Design Team: IKD is an architectural design firm in Boston, Massachusetts, led by Yugon Kim and Tomomi Itakura that explores the intersection of art and architecture, material and making. IKD's philosophy and process are informed by respect for the technical, physical, and economic demands of bringing life to a project. Their work aims to carefully craft and execute projects that elevate the human experience. Notable work includes exhibitions for the Isabella Stewart Gardner Museum in Boston, the Davis Museum at Wellesley College, and the Boston Society of Architects. IKD was awarded the CORE77 Built Environment Award, as well as an honorable mention in Architect magazine's 2016 R+D awards. IKD recently completed the curation and design of Timber City, a traveling exhibition for the National Building Museum in Washington, D.C., that advocates for a return to timber construction in our urban cores.

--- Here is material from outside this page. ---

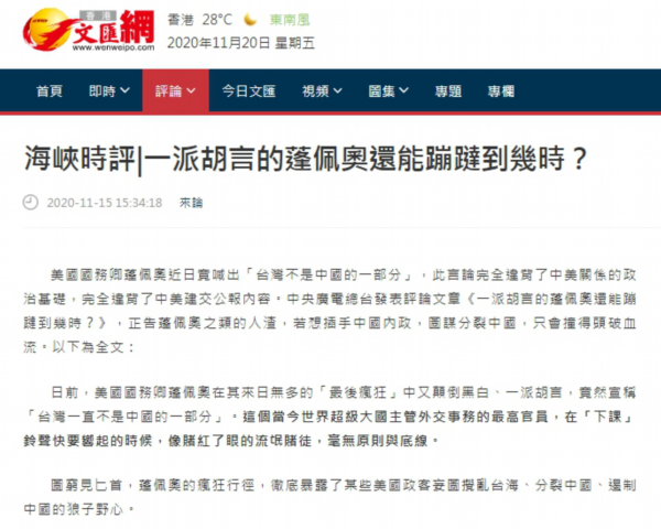 此外,香港《文汇报》、文汇网、大公网、澳亚网等港澳媒体对“总台海峡时评”系列文章进行了全文转载或摘要刊发。
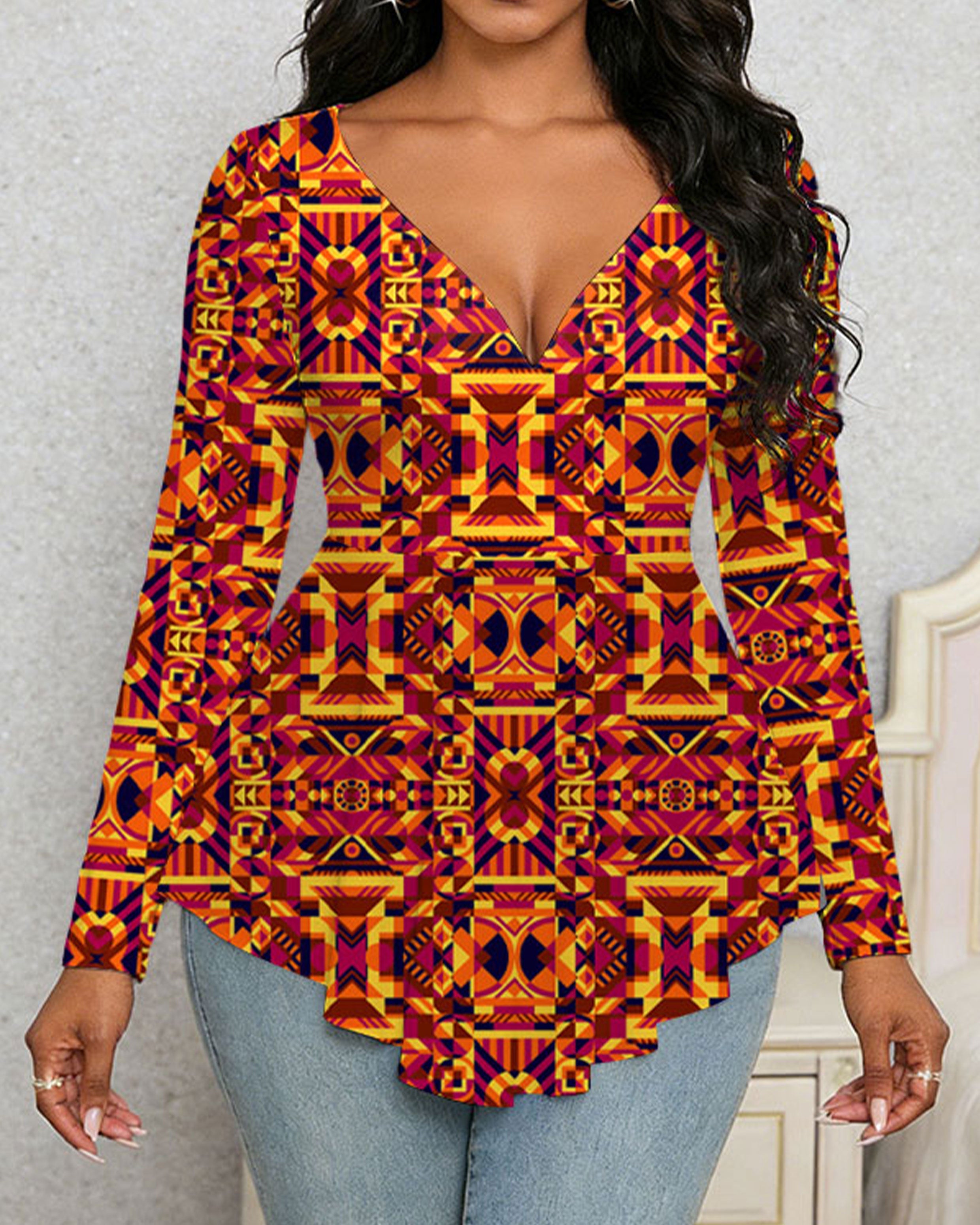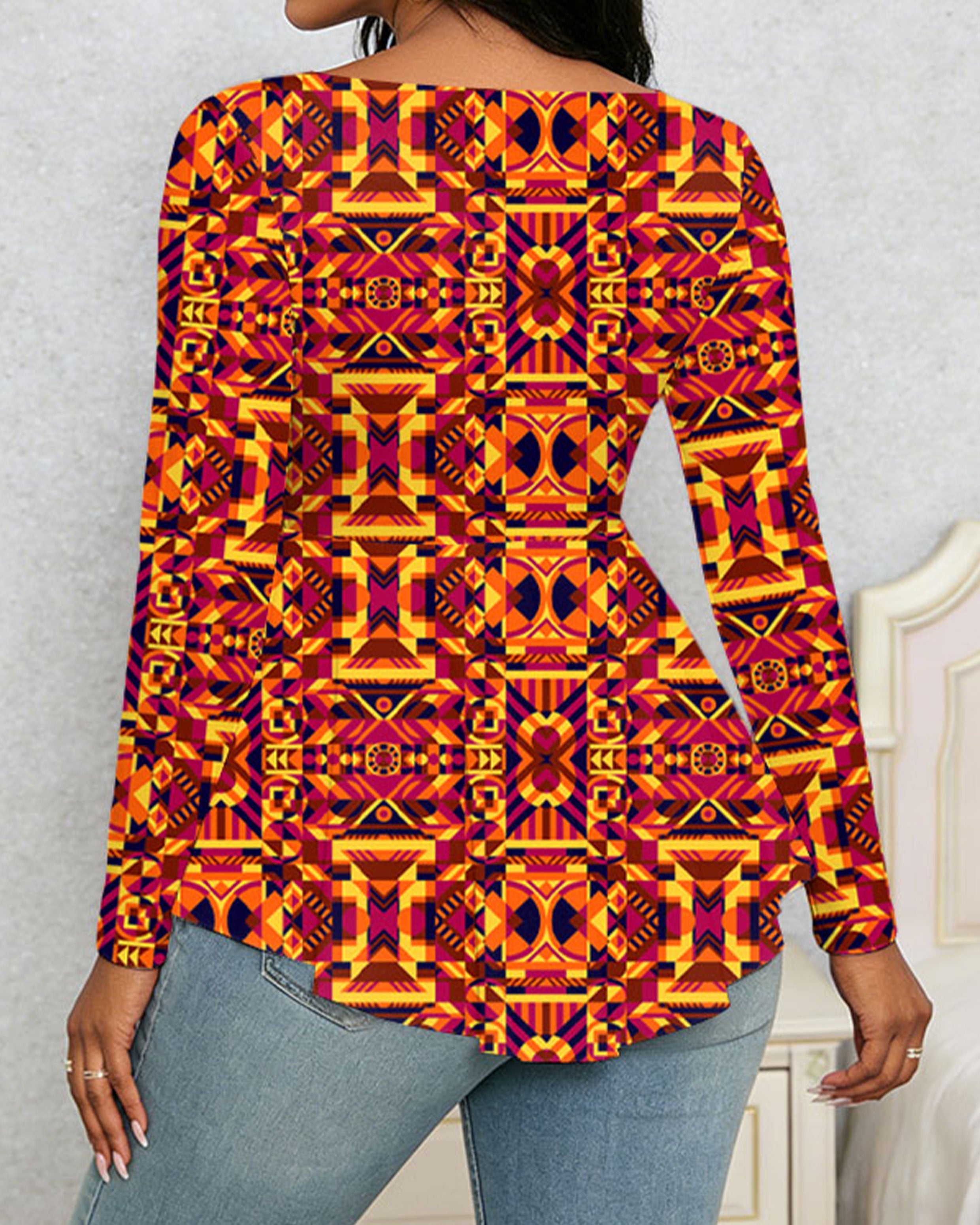 Women's V-Neck African-Style Printed Round Neck Ruffled Top

Oyler Wu Collaborative's research into Eero Saarinen's oeuvre leads them to focus on three key concepts: Euclidean geometries, solid/void relationships, and tectonics. Their design fabricates a new space within the site by completing the geometries implied by three canopies, legacies of the Irwin Conference Center's history as a drive-up bank. The rectilinear space, defined by the existing canopies and completed by new walls of welded steel - some solid, some sketched in lines or carved away into voids - is enlivened by sophisticated tectonic interplay with embedded objects derived from Oyler Wu's particular idiom. The resulting complex of canopies, walls, and benches produce new areas of containment and new points of destination.
About the Site: Eero Saarinen's Irwin Conference Center (formerly the Irwin Union Bank and Trust) anchors the busy corner of Fifth and Washington Streets. Built in 1954, Saarinen's design would influence the architecture of financial institutions for decades to come. Material and textural flourishes inside and out transformed the modernist "glass box" into a welcoming and convivial space. With an open plan and spacious counters without the typical teller's cages separating the bank from its customers, Saarinen's Irwin Trust Bank was a complete reimagining of what a bank was architecturally, as well as of its place in the community.

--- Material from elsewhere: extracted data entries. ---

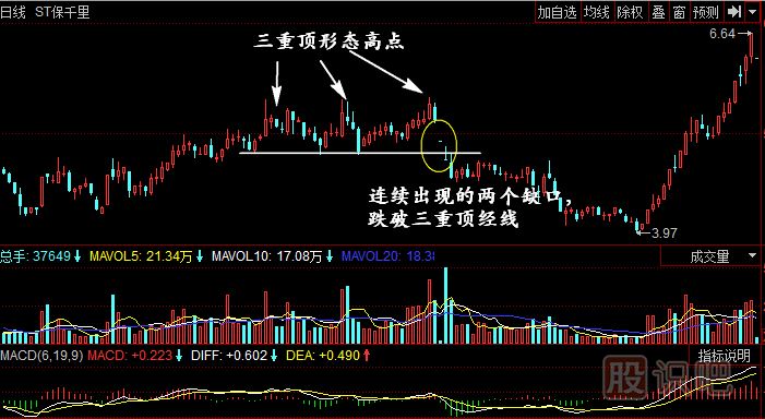 如圖所示:st保千里的日K線中,股價短時間內(nèi)的跳空下跌兩個缺口造就了該股的頂部三重頂被跌破的形態(tài)。投資者減倉出貨的重要時機也正在此處。今后股價持續(xù)回落的過程中,前期的三重頂形態(tài)起到了非常重要的作用。
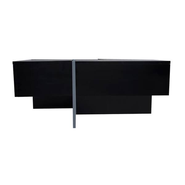31.5 in. W x 31.5 in. D x 13.8 in. H Black Linen Cabinet with Extendable Square Cocktail Table and 4 Drawers
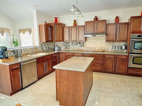 Stunning and stylish home on one of the best lots backing to open space in the desirable neighborhood of Westport Farms. Enter through a covered front porch into a 2-story foyer with arched window, hardwood flooring, and a turned staircase. The adjacent living room has an oversized bay window, elegant trim work, and French glass doors leading to an equally well-appointed dining room with a tray ceiling and oversized bay window. The kitchen is beautifully done with Wellborn cabinets, Corian counters, center island, large pantry, stainless steel appliances, ceramic tile backsplash and 18" tile flooring which extends into the adjacent morning room. The morning room offers a vaulted ceiling, atrium window and sliders to a large rear paver patio with accent walls and a spacious rear yard enclosed with maintenance-free privacy fencing. The kitchen is also open to the adjacent 2-story family room boasting bamboo flooring, abundant windows, and a gas fireplace. A 1st floor study with hardwood flooring could also function as a 5th bedroom. A spacious powder room and separate laundry room complete the first floor. The master bedroom offers a sitting area, large walk-in closet with organizers, and a luxurious master bath with soaking tub, dual vanity, linen closet, ceramic walk-in shower and flooring. The other three bedrooms are nicely sized and offer great closet space. The hall bath is well-appointed with tile flooring. A full basement with egress window is ready for finishing. 9' ceilings, modern 2-panel doors, stylish light fixtures, spacious rooms with great architectural features, neutral paint, great natural light, and tasteful d~cor throughout make this home a must-see winner for the discriminating homebuyer.

Design Team: Oyler Wu Collaborative is an architectural design firm in Los Angeles led by Dwayne Oyler and Jenny Wu that approaches architecture and design with a critical and rigorous intent that challenges the typical vision of the built environment. Recent projects include a 3-D printing showroom and office space for 3DS Culinary in Hollywood, California; the Stormcloud pavilion for SCI-Arc's 40th anniversary event; the winning pavilion entry for the Beijing Biennale; and a 16 story residential tower in Taipei, Taiwan. The office has won numerous awards, including the Design Vanguard Award from Architectural Record, the Emerging Talent Award from AIA California Council, the Presidential Honor Award for Emerging Practice from AIA LA, Taiwan's ADA Award for Emerging Architect, and the Emerging Voices Award from the Architectural League in New York.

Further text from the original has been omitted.